管理者管理
1. 「役員のなり手がいない」という問題の究極の解決策は?
管理者管理という方法があります。
これは以前から行われていた方法ではありますが、マンションの高齢化や高賃貸化を背景として、近年あらためて論議されている方法で、本来区分所有者が全員で行うべき共用部分などの管理について、特定の者に権限を与えて円滑かつ効率的に行うための制度です。
2.管理者とは何をする人でしょうか
管理者とは建物の区分所有等に関する法律(以下「区分所有法」といいます。

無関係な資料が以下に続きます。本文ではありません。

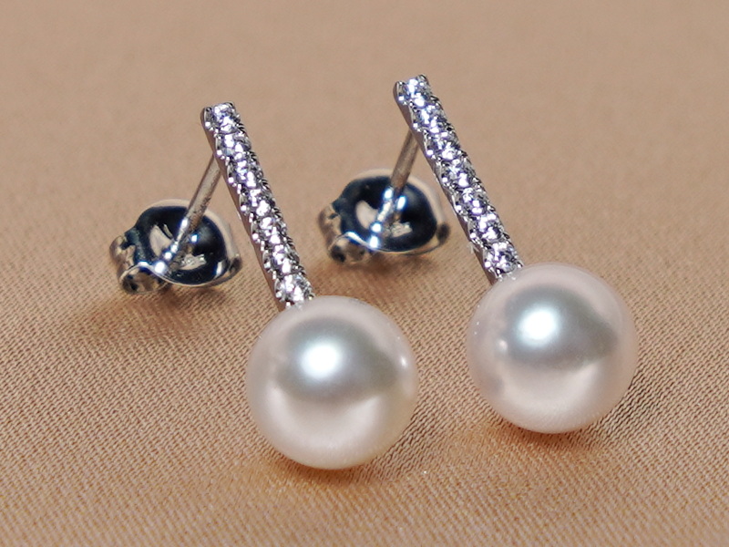 Zlaté náušnice s perlami WW015WE-FW vyrobené z pravých bielych sladkovodných perál a kovaní z bieleho zlata rýdzosti 585/1000 (14 kt.). Perly najvyššej kvality AAA majú okrúhly tvar, hladký povrch a veľmi vysoký lesk. Kovania náušníc sú kombinované každá so 7 ks zirkónov. Hmotnosť páru zlatých kovaní bez perličiek je 0,70 gramu. Veľkosť perál môžete zvoliť od 6 do 9 mm. Dĺžka zvislej časti kovania nad perlou je 10 mm a celková dĺžka s perlou od 16 do 19 mm (podľa veľkosti zvolených perál). Na fotografii sú riečne perly veľkosti 7 mm. Na požiadanie k zlatým náušniciam s perlami doporučíme prívesok a prsteň s perlou ako kombináciu do setu šperkov. Zlaté perlové šperky posielame v darčekovom balení spolu s certifikátom pravosti a v rámci Česka a Slovenska máte dopravu zdarma.

)の第25条と第26条に、マンションの共用部分や敷地・附属施設を保存し、集会の決議を実行し、又は規約で定めた行為を行い、これらの職務に関して区分所有者を代理する者であり、規約に別段定めがない限り、区分所有者の集会の決議で選任される、と定められています。
通常は管理規約で理事長=管理者と定められていますが、管理者は区分所有者である必要はなく、自然人でも法人でも構わないので、管理会社やマンション管理士等が管理者になることができます。
3.管理者管理のメリットとデメリット
管理者管理は、管理者である第三者に大きな権限が集まるため、効率よく管理が行える半面、十分なチェック機能が働かなくなる恐れがあります。
また、管理組合の財産保護という面でも、管理者は共用部分などの保存行為を自らの判断で行うことができるようになることから、過度の工事などによって財産を浪費させたり、管理者が金銭などの組合財産の保管業務を行う場合には、組合財産と管理者の財産が不分明になり、管理者の倒産などの場合に、組合財産が保護されない事態も生じ得ます。
4.検討すべきポイント
財団法人マンション管理センターが平成20年3月にまとめた「マンション管理の新たな枠組みづくりに関する調査検討報告書」ではこの管理者管理方式について、次の3点に重点を置いて検討する必要があるとしています。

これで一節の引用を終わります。